Ich kenne diese Nächte, dieses Jammern von unendlich vielen Einsätzen, als der Tierärztepool noch nicht mal einen Namen hatte, geschweige denn Tierärzte. Deshalb weiß ich es zu schätzen, was unsere Angestellten leisten. Ein verletztes Tier wird gefunden – wir helfen. Parasitika werden benötigt – wir bestellen. Hundehütten werden gebraucht – wir kaufen. Kastrationen werden gewünscht – wir operieren. Immer und immer mehr!

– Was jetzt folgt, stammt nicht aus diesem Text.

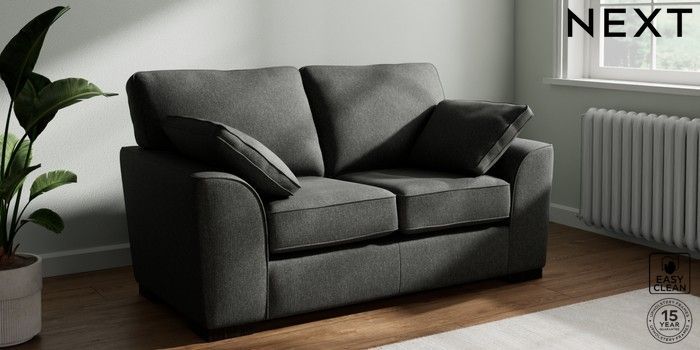 7.3.1 Buy Stamford 2 Seater Small Sofa Tweedy Blend Easy Clean Charcoal Grey Large Square Angle - Dark from the Seasons online shop Click here to use our website with more accessibility support, for example screen readers
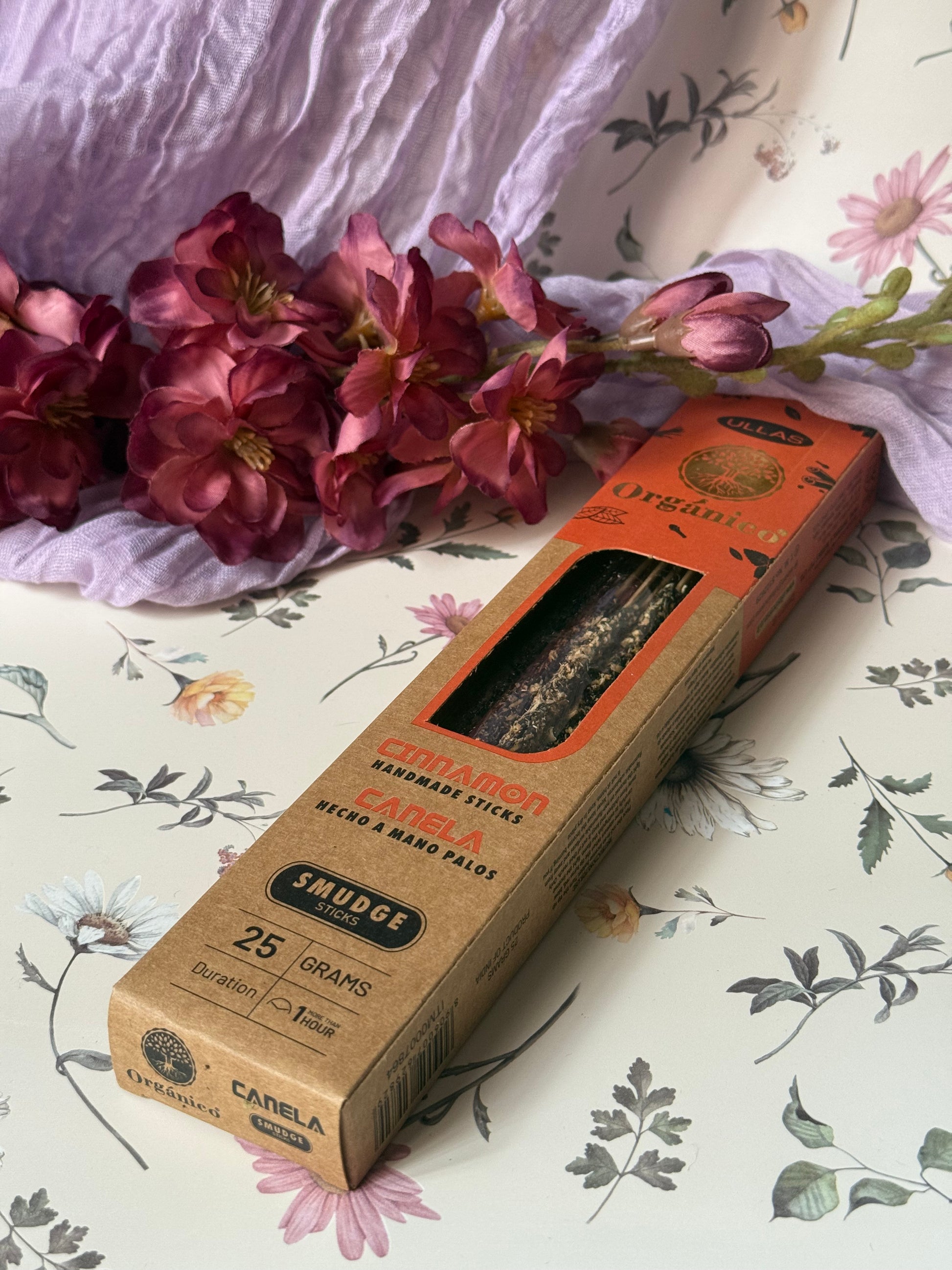 Varillas de incienso natural hechas a mano, enriquecidas con aceites esenciales naturales de canela.
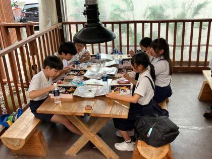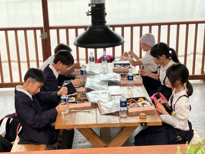 12時半に、たぬき村に到着し、集合写真を撮ったあと、お昼ご飯です。

Das „Immer-größer-Werden“ bringt aber auch Herausforderungen mit sich. Neue Leute müssen eingearbeitet werden, sie sollten sich integrieren. Sie müssen lernen nach unseren, über viele Jahre erprobten, Prozessen zu arbeiten und sich anzupassen. Für die „alten Hasen“ ist es oft schwierig, Handgriffe, die man 1000x gemacht hat, mit Geduld denen beizubringen, die sie zum ersten Mal machen. Die Arche ist kein brüchiges Holzboot mehr mit einer Zweimannbesatzung, sondern ein Dampfer, der aber trotzdem weder Hotel noch Luxusjacht ist. Das bedeutet, dass mehr Regeln aufgestellt werden müssen, ein Begriff, den wir früher gar nicht kannten. Dafür kommt die Definition von Toleranz ins Spiel. Die familiäre Struktur, die uns ausmacht, muss unter allen Umständen erhalten bleiben, denn nur ein Zusammenhalt gewährt uns den Erfolg, den die Tiere unbedingt brauchen. Alles, was nicht zielorientiert ist, nimmt Energie, die keiner von uns im Überschuss hat. Es macht einfach keinen Sinn an anderen das zu suchen, was die nicht können, sondern das zu fördern, was die können!

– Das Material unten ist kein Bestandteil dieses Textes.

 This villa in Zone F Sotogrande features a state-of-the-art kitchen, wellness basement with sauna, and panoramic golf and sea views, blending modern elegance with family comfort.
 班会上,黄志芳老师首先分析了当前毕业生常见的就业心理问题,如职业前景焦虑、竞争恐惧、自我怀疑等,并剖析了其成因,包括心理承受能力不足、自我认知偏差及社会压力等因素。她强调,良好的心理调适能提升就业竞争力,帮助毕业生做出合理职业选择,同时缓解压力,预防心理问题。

Das Ziel „Tierschutz“ ist für alle Menschen gleich, aber der Weg dahin mehr als unterschiedlich. Von der fachlichen Kompetenz möchte ich hier erst gar nicht sprechen, verlange aber, dass die beim Tierärztepool extrem hoch bleibt. Demnach wird die zukünftige Herausforderung darin liegen, ein Team zu führen, welches vielfältiger ist, welches immer größer wird und welches auf die privaten Animositäten der anderen Rücksicht nimmt, ohne das Zeil des nachhaltigen Tierschutzes aus den Augen zu verlieren.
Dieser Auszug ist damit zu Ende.